■ **Data**:

········

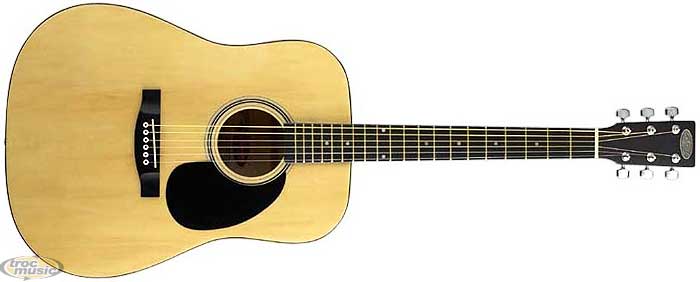 Guitare dreadnought naturelle, table/dos et éclisses tilleul, manche nato, touche/chevalet érable.
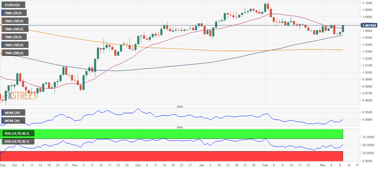 - EUR/USD bullish potential remains limited, 1.0745 stands in the way for bulls.
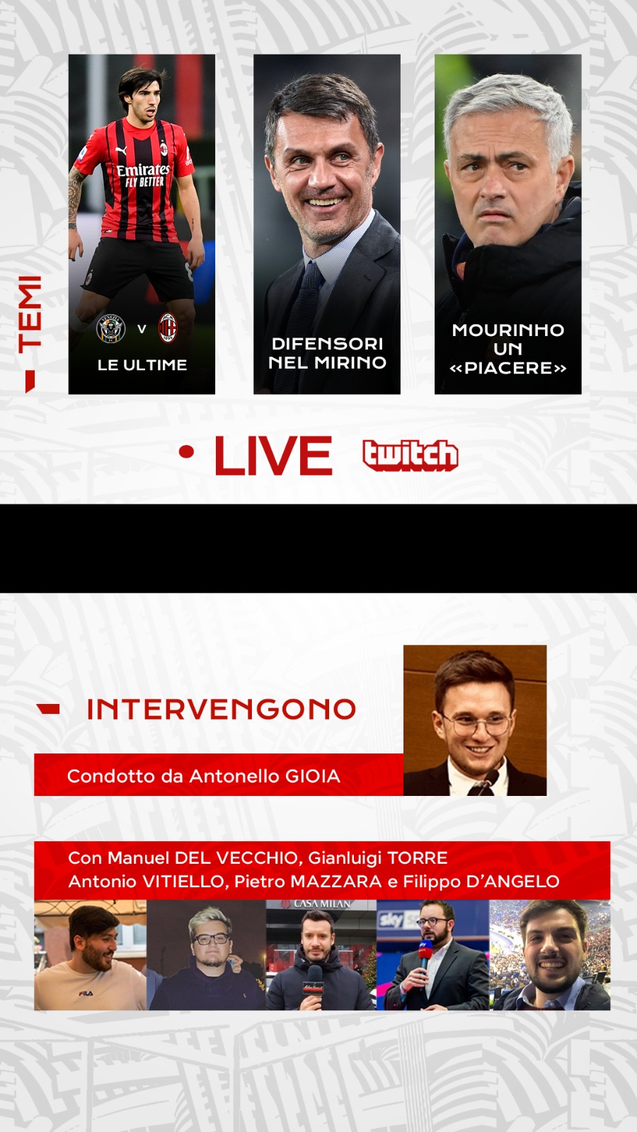A partire dalle 19:00 saremo in diretta sul nostro canale Twitch (CLICCA QUI per ACCEDERE al CANALE) per discutere e commentare assieme a voi tutto ciò che riguarda il mondo Milan!
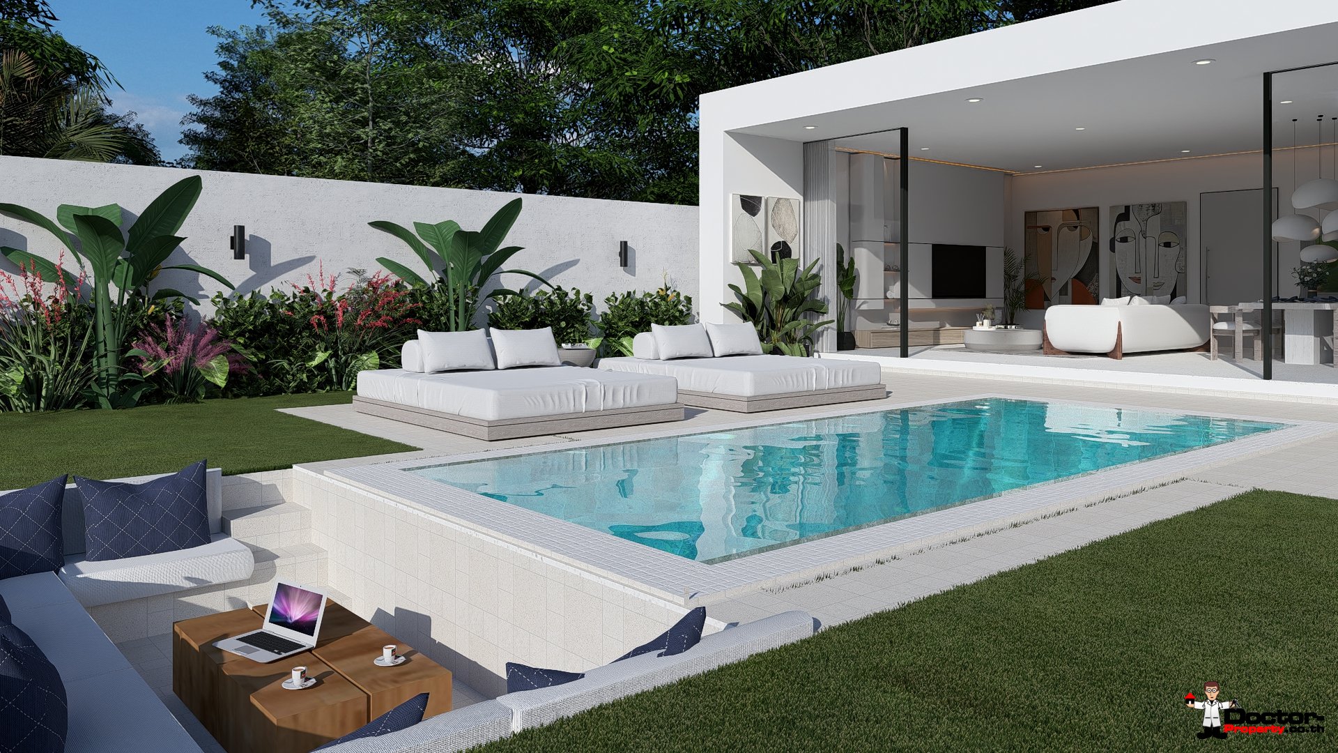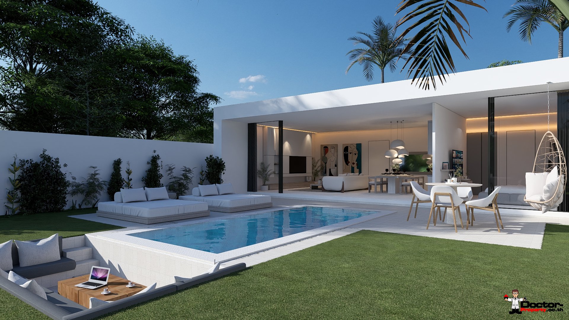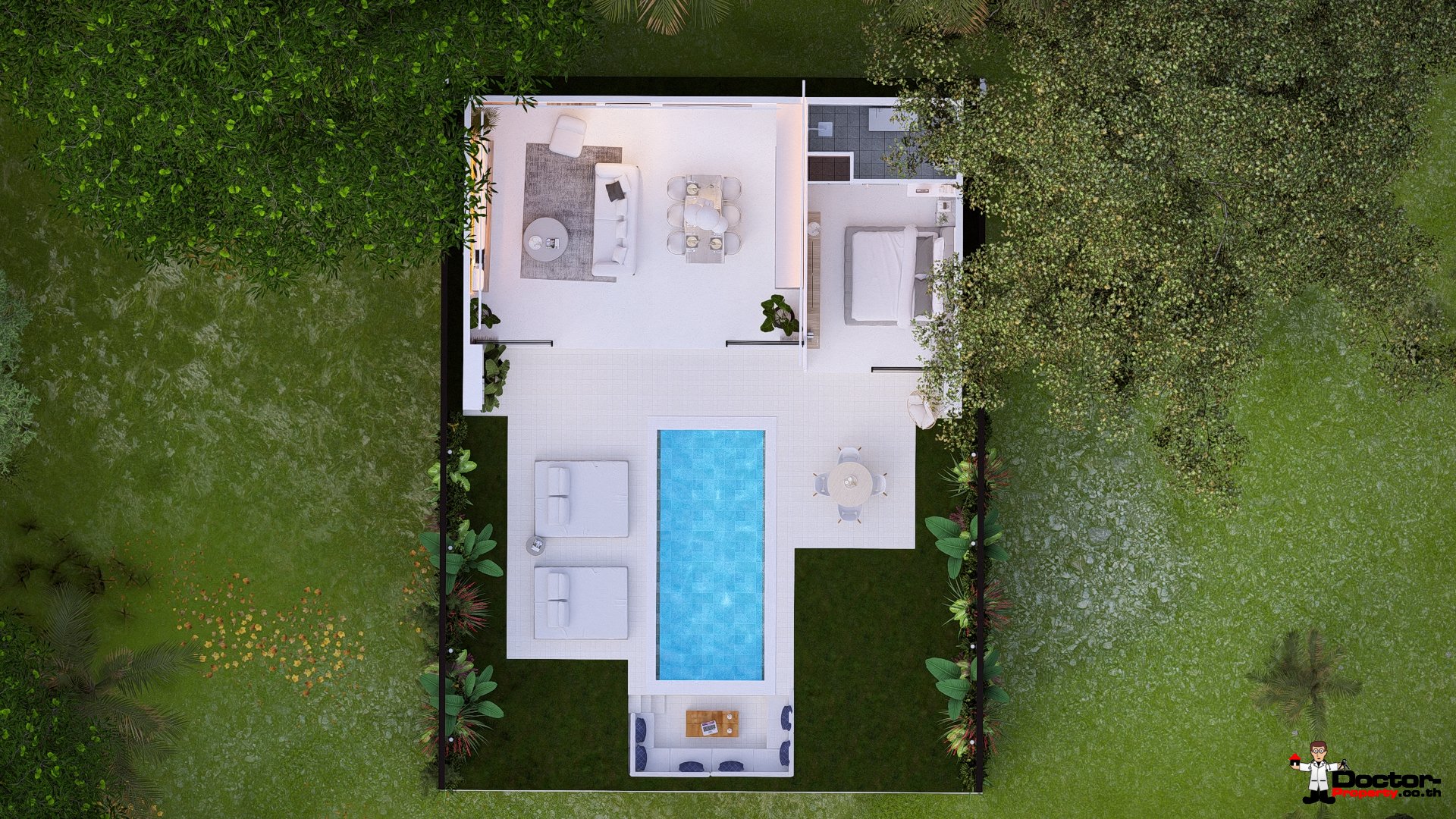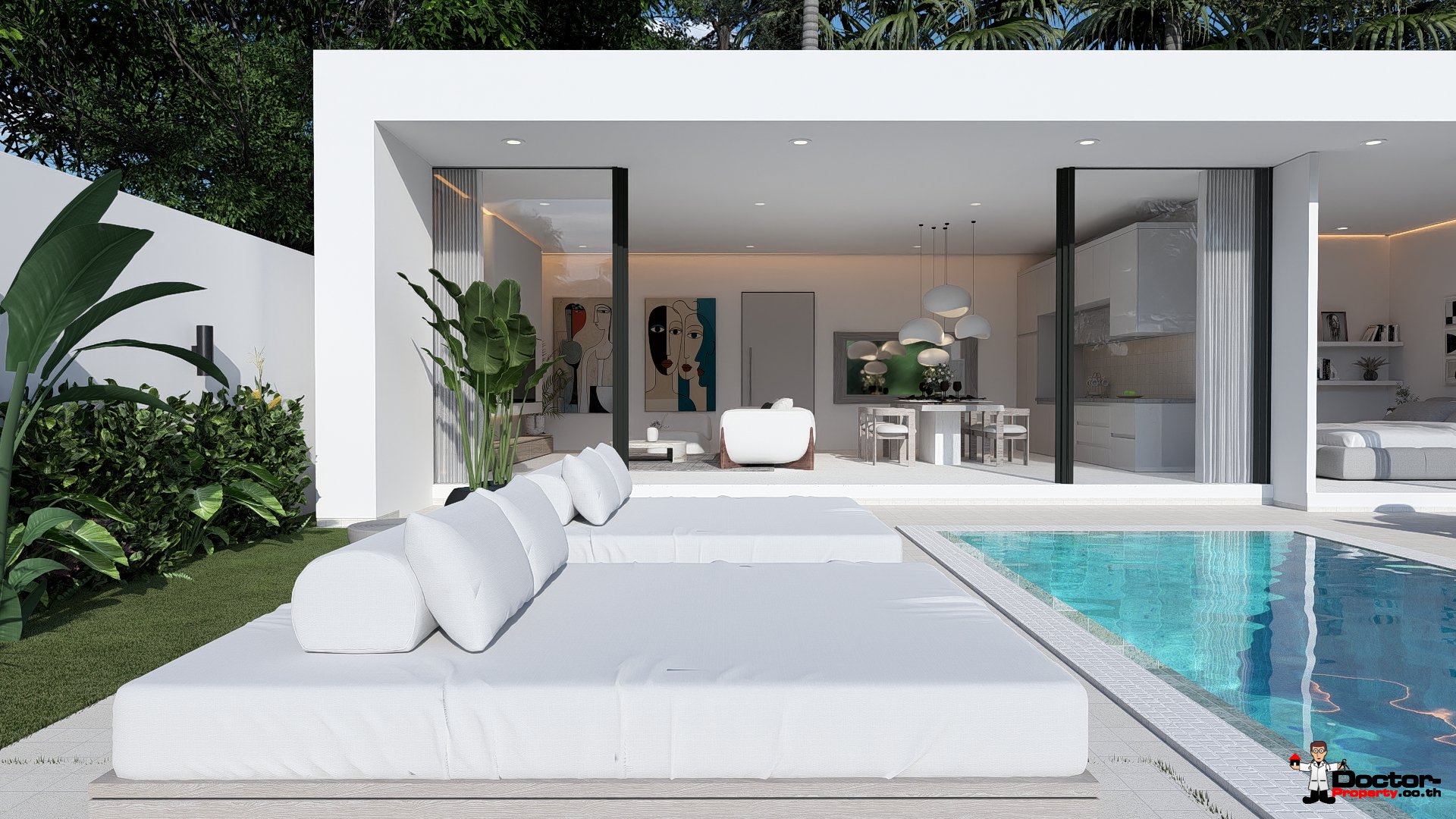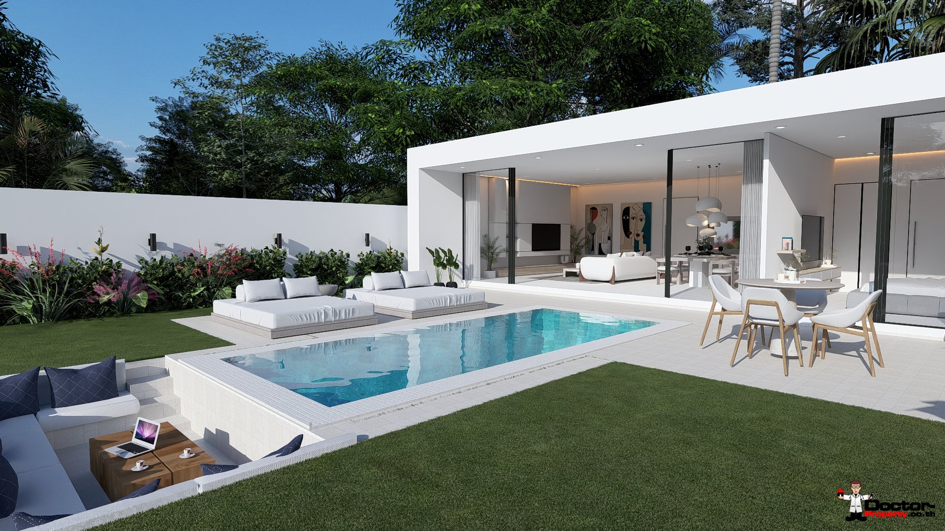 This type of villas is 10 units part of an exclusive development comprising 37 units. This contemporary one-bedroom pool villa has been thoughtfully designed to combine modern elegance with tropical living. With a building size of 107 sqm set upon an 157 sqm land plot, the villa offers a well-proportioned layout that maximises both comfort and privacy. The open-plan living and dining area is bright and inviting, with floor-to-ceiling glass doors opening directly onto the private swimming pool and terrace. The bedroom is spacious and complemented by a sleek en-suite bathroom.

········

■ **What to do**:
Only the lines from the one that holds "- EUR/USD bullish" through the final line of the material should be reproduced, word for word, with the pictures omitted.

■ **Task response**:
 - EUR/USD bullish potential remains limited, 1.0745 stands in the way for bulls.
A partire dalle 19:00 saremo in diretta sul nostro canale Twitch (CLICCA QUI per ACCEDERE al CANALE) per discutere e commentare assieme a voi tutto ciò che riguarda il mondo Milan!
 This type of villas is 10 units part of an exclusive development comprising 37 units. This contemporary one-bedroom pool villa has been thoughtfully designed to combine modern elegance with tropical living. With a building size of 107 sqm set upon an 157 sqm land plot, the villa offers a well-proportioned layout that maximises both comfort and privacy. The open-plan living and dining area is bright and inviting, with floor-to-ceiling glass doors opening directly onto the private swimming pool and terrace. The bedroom is spacious and complemented by a sleek en-suite bathroom.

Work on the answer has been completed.